My instinct was to give him more air, and I found a serrated kitchen knife and cut through the tape at a point where it pulled tight. I wondered whether killing him would serve any useful purpose, but I could not see that it would. Presumably the New Model Army had felt the same.
‘Not you too,’ he said. ‘Not you, Gran,’ which was oddly moving. Poor man, he wept.
I disclaimed responsibility. I apologized for my family’s behaviour.
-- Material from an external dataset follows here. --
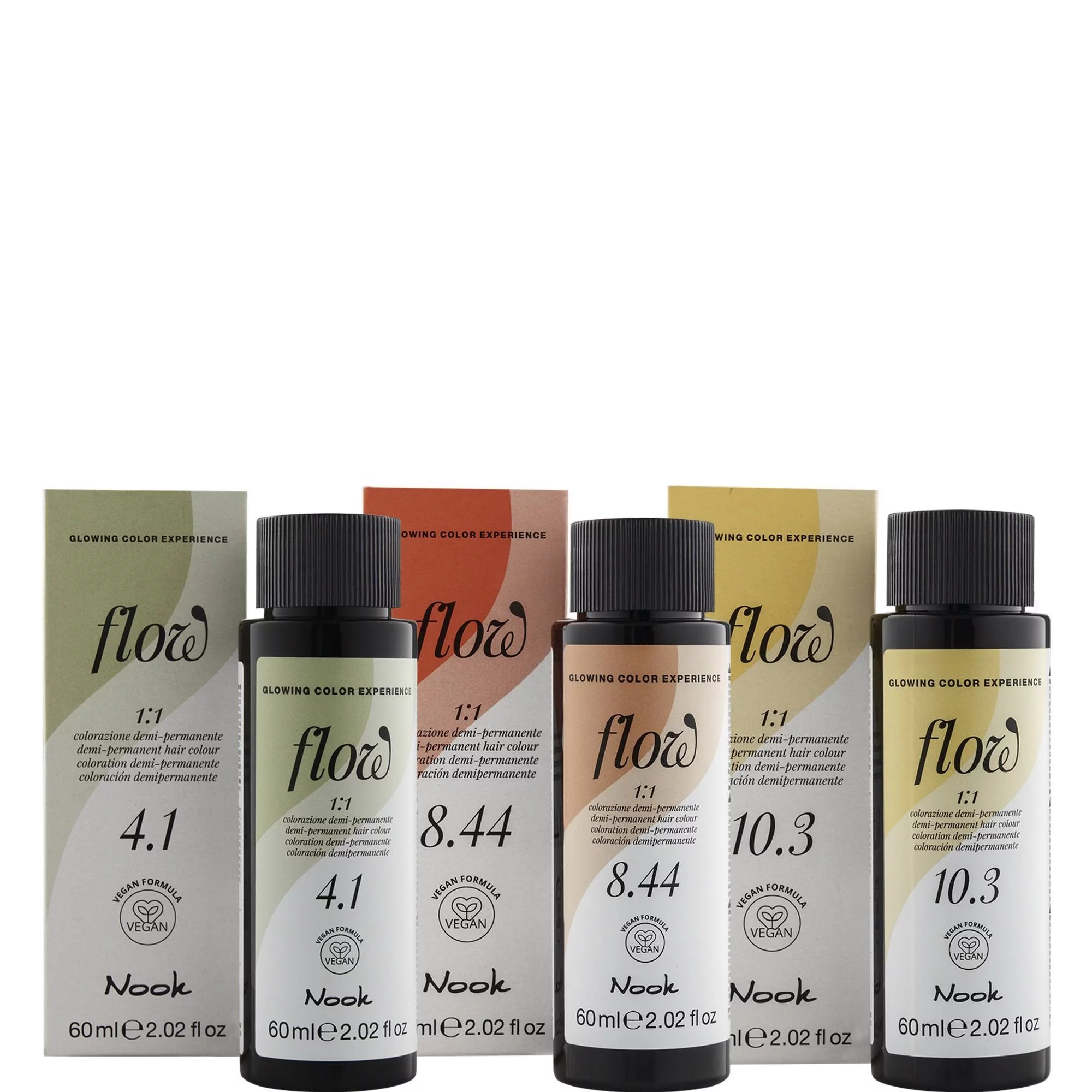 Наденьте одноразовые перчатки, смешайте 1 часть краски Flow и 1 часть активатора Flow (1:1). Нанесите смесь на сухие или влажные волосы, оставьте максимум на 30 минут в зависимости от выбранной процедуры. По истечении времени выдержки произведите эмульгацию с водой до получения мягкой пены. Тщательно смойте. Нанесите шампунь и уход для закрепления цвета линии Nook The Nectar Color, чтобы нормализовать pH волос и продлить результат окрашивания.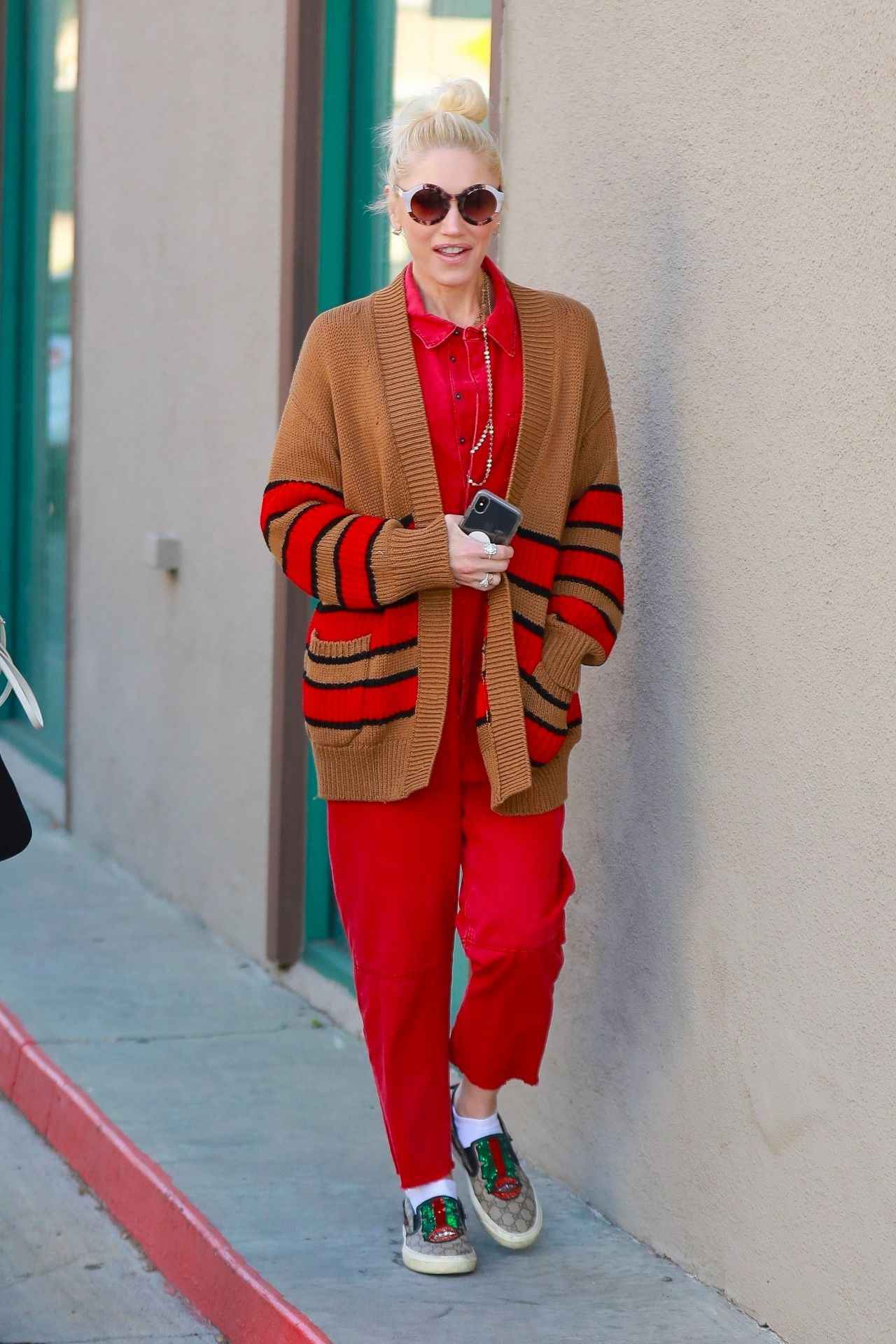 ポップなスタイリングが得意なグウェン・ステファニーは、One Teaspoon(ワンティースプーン)のジャンプスーツの上から、赤とブラウンのストライプがスタイリッシュなN°21 (ヌメロ ヴェントゥーノ)のニットカーデをレイヤード。今季は思いっきり鮮やかなカラーをセレクトして。足元はGucci(グッチ)のローファーでプレイフルに。

I told him what I did not believe: that they were motivated by a desire for the public good, and should be forgiven. Indignation made him more stoical.
‘But so are we all,’ he said.
Theirs was a properly elected governm
ent, not like the last one. NUG was determined to meet the nutritional needs of the people safely and fairly, and NIFE was doing everything in its power to provide the people with protein grown from basic meat cells other than human, but there were still technical difficulties to be overcome. And then his voice faded away as he listened to himself. The politician in him struggled with the person and the person won.
‘Bugger this,’ he said, ‘I don’t have to explain all this to an old woman. No offence, Gran, but just get me out of here.’
I did take some offence. There had been some talk over the last year of restricting the electorate to those between thirty and fifty, the one-person, one-vote principle being seen to be outmoded in an ageing population. The future was too precious to be trusted to a lot of daft old people with Alzheimer’s, or young hotheads. The talk had evaporated but prejudice against the old had observably increased.
I said I didn’t have the key. They were holding me prisoner too. But there was lots of time. They were off to a rally and wouldn’t be back until late. We would work out something. He suggested I start sawing away at the metal chain that joined the cuffs but I said it was CiviCutlery and would work for duct tape but hardly for metal. He sighed and said CiviCutlery had saved countless lives but he personally had made a stand against it. If people were not allowed to express a degree of aggression they would internalize it, and there might be civil unrest.
‘You were right,’ I said. ‘You should have talked more loudly. Then perhaps we wouldn’t be in here.’
Now he began to cry.
‘That snake in the grass, Henry. I did everything for him, for Venetia’s sake. When he turned up I took him into my household, the same way I took first Amos and then Ethan. I love Venetia; I love their mother, why do they seem to hate me?’
Victor had always known that Ethan was not his? I had to sit down to take this in. He had married a woman who had deliberately conceived a child by her own stepfather, and then foisted it on him? And he had gone along with it? And gone on loving her? The odd black eye seemed a trivial thing. Fact kept outstripping my imagination. I was too old for this. Should I retape his mouth, go downstairs, let what happened happen? Go to sleep and with any luck not wake up at all. Join my mother, be at peace. I had done my duty by Mother Nature: I had fed two children out into the world, with the unique genes she had insisted on in her quest for improvement, to add to the general mayhem of life.